*** Provided information ***

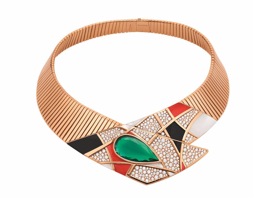 El savoir-faire de Bvlgari en gemas brillantes, evidente a través de la colección Cinemagia, destaca especialmente en tres fascinantes esmeraldas: una esmeralda octagonal corte step de 24.46 quilates en el Sautoir Emerald Affair, una esmeralda corte cabochon de 34.73 quilates en el Sautoir Gina, y una esmeralda corte cabochon de 24.31 quilates en el collar Forever Emeralds.
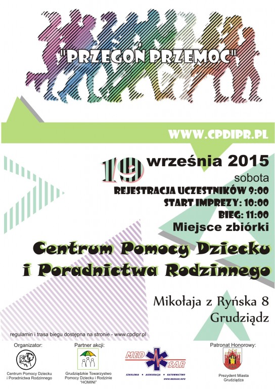 Bieg pn. „Przegoń Przemoc” to propozycja Centrum Pomocy Dziecku i Poradnictwa Rodzinnego oraz Towarzystwa Pomocy Dziecku i Rodzinie „Homini” na integrację instytucji oraz osób działających na rzecz krzywdzonych dzieci. Wydarzenie zaplanowano w sobotę, 19 września.
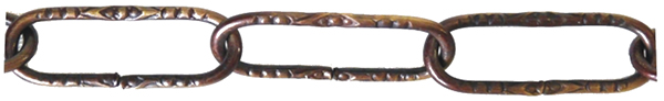 Lampenkette, hergestellt aus Metall mit Oberfläche leder alt, Kettenglieder mit geprägten Verzierungen Dekorative Kette um Hängelampen zu befestigen. Ersatzteil um Ihre alte Lampe zu restaurieren oder zu reparieren, oder um eine neue herzustellen.
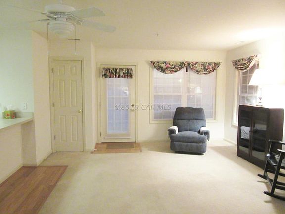 Don't miss the opportunity to own this rare end unit w/screened porch in Avalon Retirement Community. Enjoy this 2 bedroom condo including master bedroom suite & 2 patios. Plenty of room to entertain in the combined Living room/Dining area. The breakfast bar area has pergo flooring. There is a door in Kitchen that leads to the Utility room w/ Stack washer/dryer, water heater, storage & 1-car garage. All rooms have been freshly painted. The condo is being sold "as-is" but offering a $2000 carpet allowance. The low condo fees of $160 per month covers Building Insurance, annual power washing of siding, lawn maintenance & roof, snow removal, small clubhouse & maintenance of common areas. Located near shopping, restaurants, medical facilities, 2 Universities, & 30 minutes' drive to MD Beaches.
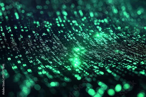 Green Dark Binary Code with Data Streaming Background created with Generative AI
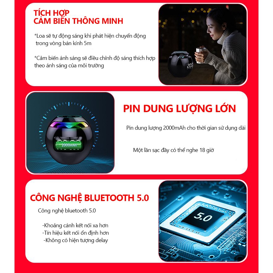 +Dung lượng pin loa bluetooth đồng hồ G90 S cực cao lên tới 2000mAh
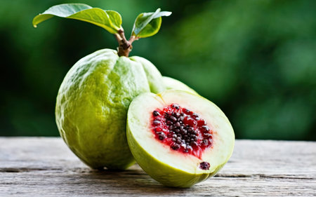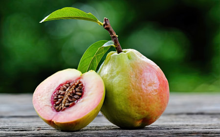 Fresh guava fruit on wooden table with nature bokeh background
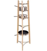A sleek storage tower of maple and brushed chrome for organizing cookware dinnerware or cooling pies. The stable triangular base smoothly slides into a corner or next to an island occupying a minimum of floor space. The six shelved rack is very easy to assemble. Ships in two boxes that are not oversized keeping freight charges to a minimum. A perfect companion piece to other J.K. Adams pot racks..
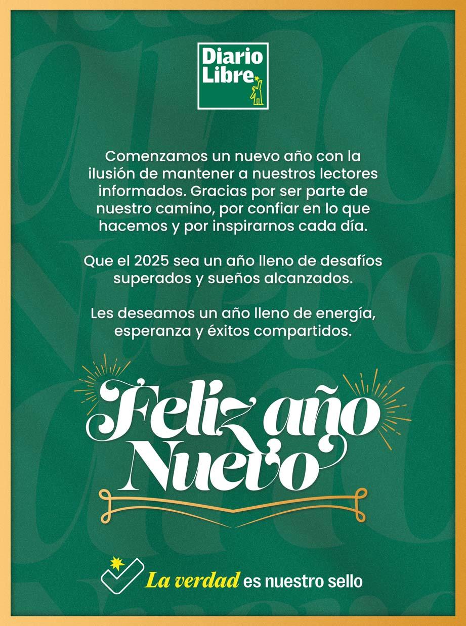 SANTO DOMINGO. El año 2024 cierra sus puertas y da paso a un 2025 que promete estar lleno de retos en diferentes sectores del ámbito nacional para todos los dominicanos, que trabajan arduamente para lograr el desarrollo del país y que luchan para salir adelante. En esta última edición del año, Diario Libre felicita a todos los que diariamente dan lo mejor de sí mismos para salir adelante junto a sus familias.
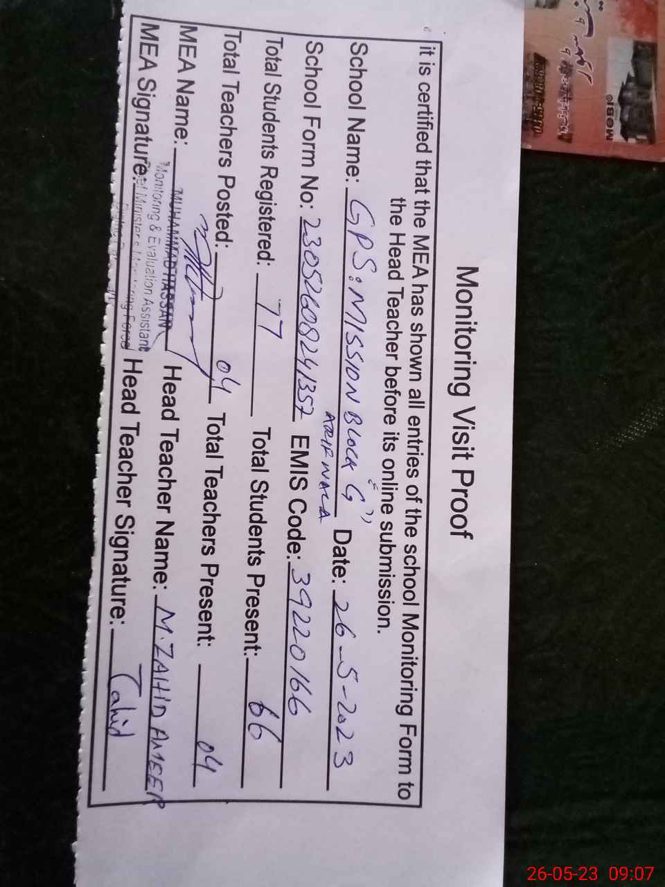| EMIS Code: 39220166 | Name of School: GPS MISSION BLOCK G | |||

*** End of Provided information ***

• _Requirement_:
Your task is a word-for-word transcription of the entries, leaving out all pictures.

• _Answer to this problem_:
 El savoir-faire de Bvlgari en gemas brillantes, evidente a través de la colección Cinemagia, destaca especialmente en tres fascinantes esmeraldas: una esmeralda octagonal corte step de 24.46 quilates en el Sautoir Emerald Affair, una esmeralda corte cabochon de 34.73 quilates en el Sautoir Gina, y una esmeralda corte cabochon de 24.31 quilates en el collar Forever Emeralds.
 Bieg pn. „Przegoń Przemoc” to propozycja Centrum Pomocy Dziecku i Poradnictwa Rodzinnego oraz Towarzystwa Pomocy Dziecku i Rodzinie „Homini” na integrację instytucji oraz osób działających na rzecz krzywdzonych dzieci. Wydarzenie zaplanowano w sobotę, 19 września.
 Lampenkette, hergestellt aus Metall mit Oberfläche leder alt, Kettenglieder mit geprägten Verzierungen Dekorative Kette um Hängelampen zu befestigen. Ersatzteil um Ihre alte Lampe zu restaurieren oder zu reparieren, oder um eine neue herzustellen.
 Don't miss the opportunity to own this rare end unit w/screened porch in Avalon Retirement Community. Enjoy this 2 bedroom condo including master bedroom suite & 2 patios. Plenty of room to entertain in the combined Living room/Dining area. The breakfast bar area has pergo flooring. There is a door in Kitchen that leads to the Utility room w/ Stack washer/dryer, water heater, storage & 1-car garage. All rooms have been freshly painted. The condo is being sold "as-is" but offering a $2000 carpet allowance. The low condo fees of $160 per month covers Building Insurance, annual power washing of siding, lawn maintenance & roof, snow removal, small clubhouse & maintenance of common areas. Located near shopping, restaurants, medical facilities, 2 Universities, & 30 minutes' drive to MD Beaches.
 Green Dark Binary Code with Data Streaming Background created with Generative AI
 +Dung lượng pin loa bluetooth đồng hồ G90 S cực cao lên tới 2000mAh
 Fresh guava fruit on wooden table with nature bokeh background
A sleek storage tower of maple and brushed chrome for organizing cookware dinnerware or cooling pies. The stable triangular base smoothly slides into a corner or next to an island occupying a minimum of floor space. The six shelved rack is very easy to assemble. Ships in two boxes that are not oversized keeping freight charges to a minimum. A perfect companion piece to other J.K. Adams pot racks..
 SANTO DOMINGO. El año 2024 cierra sus puertas y da paso a un 2025 que promete estar lleno de retos en diferentes sectores del ámbito nacional para todos los dominicanos, que trabajan arduamente para lograr el desarrollo del país y que luchan para salir adelante. En esta última edición del año, Diario Libre felicita a todos los que diariamente dan lo mejor de sí mismos para salir adelante junto a sus familias.
| EMIS Code: 39220166 | Name of School: GPS MISSION BLOCK G | |||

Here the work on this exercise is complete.